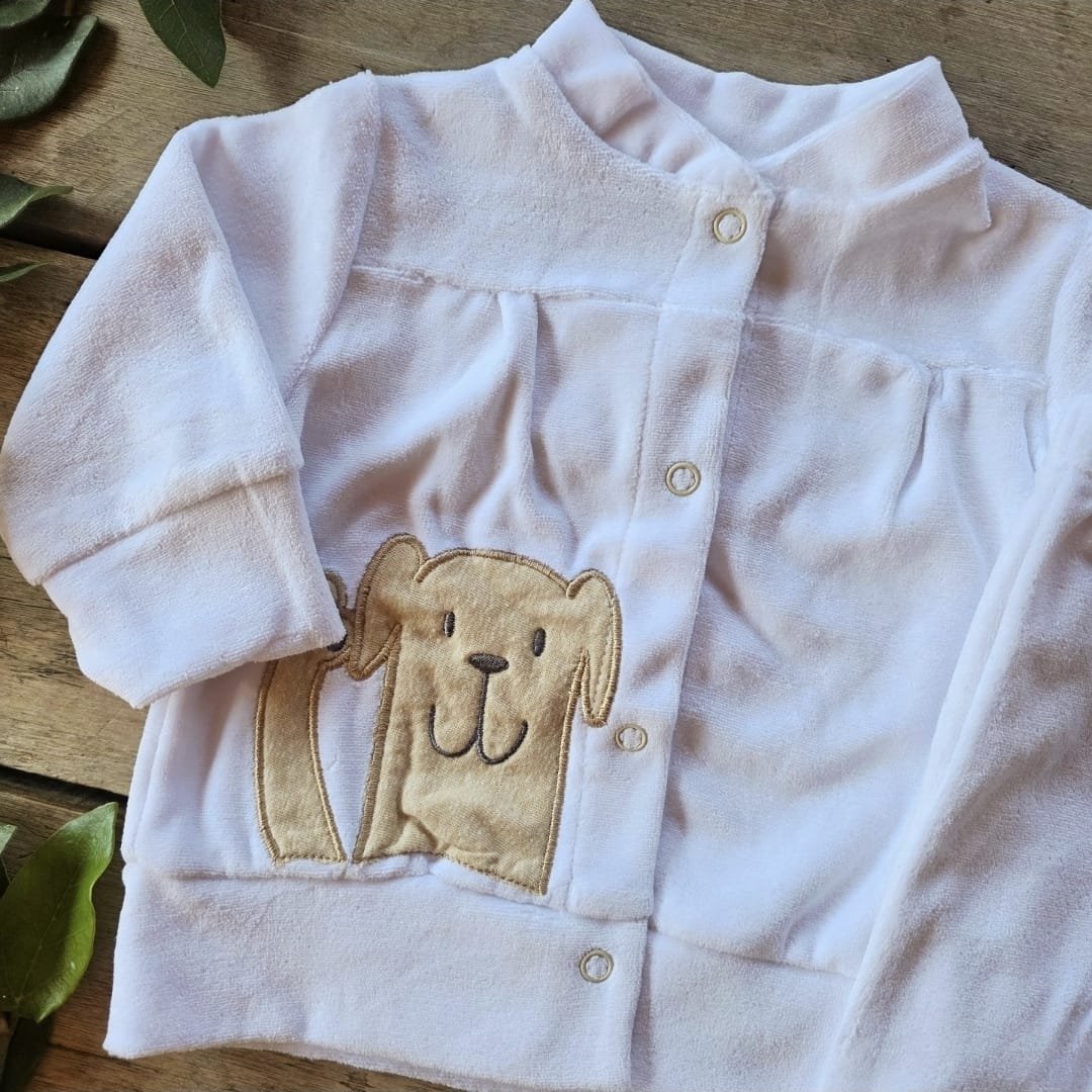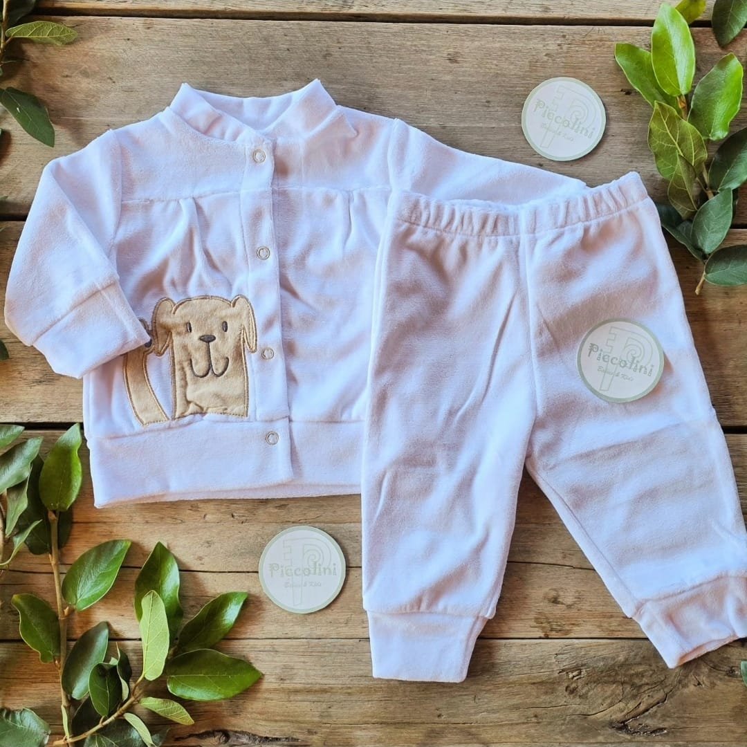Conjunto de camperita y pantaloncito confeccionados en plush super suave con perrito bordado en la camperita con cuello alto.
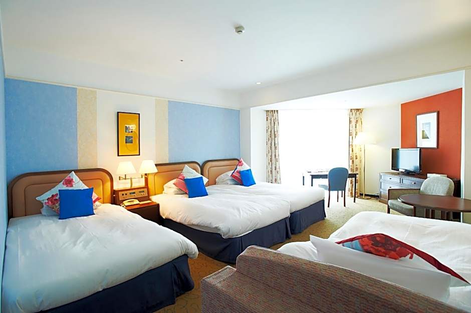 Triple Room, Non-Smoking (South Building, South Resort Floor) (2 Twin Beds and 1 Twin Murphy Bed) is 420 square feet and includes 3 single beds 80-130 width plus balcony, desk, hairdryer, safe, and slippers.
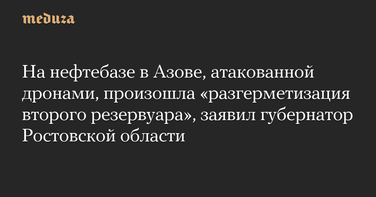На нефтебазе в Азове, атакованной дронами, произошла «разгерметизация второго резервуара», заявил губернатор Ростовской области
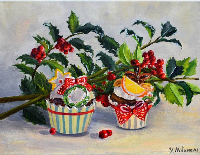 Original oil painting “Christmas Vibes” by Yulia Nikonova. Oil on canvas. Size: 14 x 11 in.

_Exercise description_.
The whole listing above, line by line, needs to be copied exactly, except for any images.

_Problem solution_.
Conjunto de camperita y pantaloncito confeccionados en plush super suave con perrito bordado en la camperita con cuello alto.
 Triple Room, Non-Smoking (South Building, South Resort Floor) (2 Twin Beds and 1 Twin Murphy Bed) is 420 square feet and includes 3 single beds 80-130 width plus balcony, desk, hairdryer, safe, and slippers.
На нефтебазе в Азове, атакованной дронами, произошла «разгерметизация второго резервуара», заявил губернатор Ростовской области
 Original oil painting “Christmas Vibes” by Yulia Nikonova. Oil on canvas. Size: 14 x 11 in.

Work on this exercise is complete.